### Exercise requirements
Without copying any picture, transcribe exactly the lines of the data below from the one containing "Sheik Ahmad Ajmi" through the one containing "Byt v 5. patře".

### Data to process
┄┄┄┄┄┄┄┄┄┄┄┄┄┄┄┄┄┄┄┄

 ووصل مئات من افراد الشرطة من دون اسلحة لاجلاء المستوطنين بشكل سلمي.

┄┄┄┄┄┄┄┄┄┄┄┄┄┄┄┄┄┄┄┄

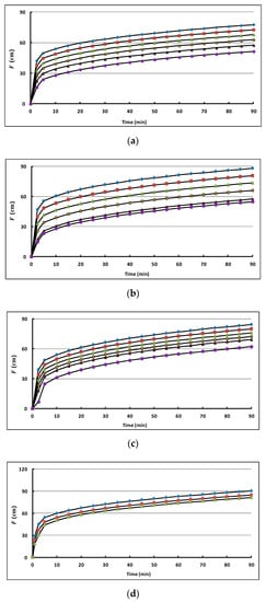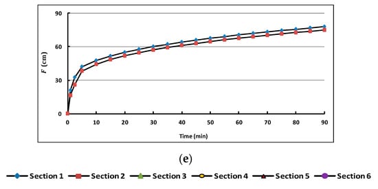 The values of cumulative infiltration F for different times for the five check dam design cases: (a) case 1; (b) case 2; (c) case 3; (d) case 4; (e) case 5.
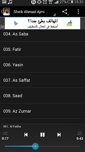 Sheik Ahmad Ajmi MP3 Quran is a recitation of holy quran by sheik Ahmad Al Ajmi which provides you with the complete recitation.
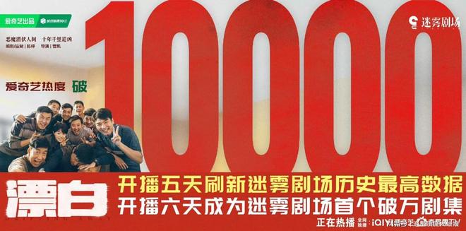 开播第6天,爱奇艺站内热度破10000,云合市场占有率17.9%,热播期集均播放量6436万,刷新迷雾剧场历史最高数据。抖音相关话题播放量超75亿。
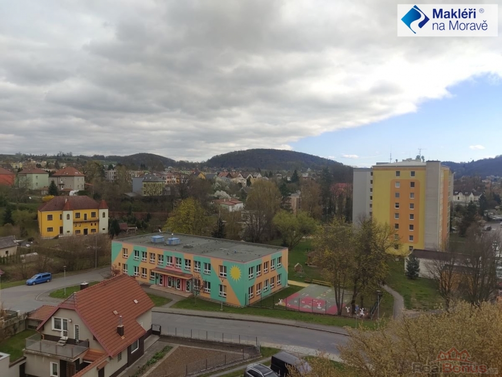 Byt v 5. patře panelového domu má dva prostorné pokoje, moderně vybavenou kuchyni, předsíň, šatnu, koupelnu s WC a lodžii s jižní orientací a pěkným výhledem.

┄┄┄┄┄┄┄┄┄┄┄┄┄┄┄┄┄┄┄┄

### Response to this task
 Sheik Ahmad Ajmi MP3 Quran is a recitation of holy quran by sheik Ahmad Al Ajmi which provides you with the complete recitation.
 开播第6天,爱奇艺站内热度破10000,云合市场占有率17.9%,热播期集均播放量6436万,刷新迷雾剧场历史最高数据。抖音相关话题播放量超75亿。
 Byt v 5. patře panelového domu má dva prostorné pokoje, moderně vybavenou kuchyni, předsíň, šatnu, koupelnu s WC a lodžii s jižní orientací a pěkným výhledem.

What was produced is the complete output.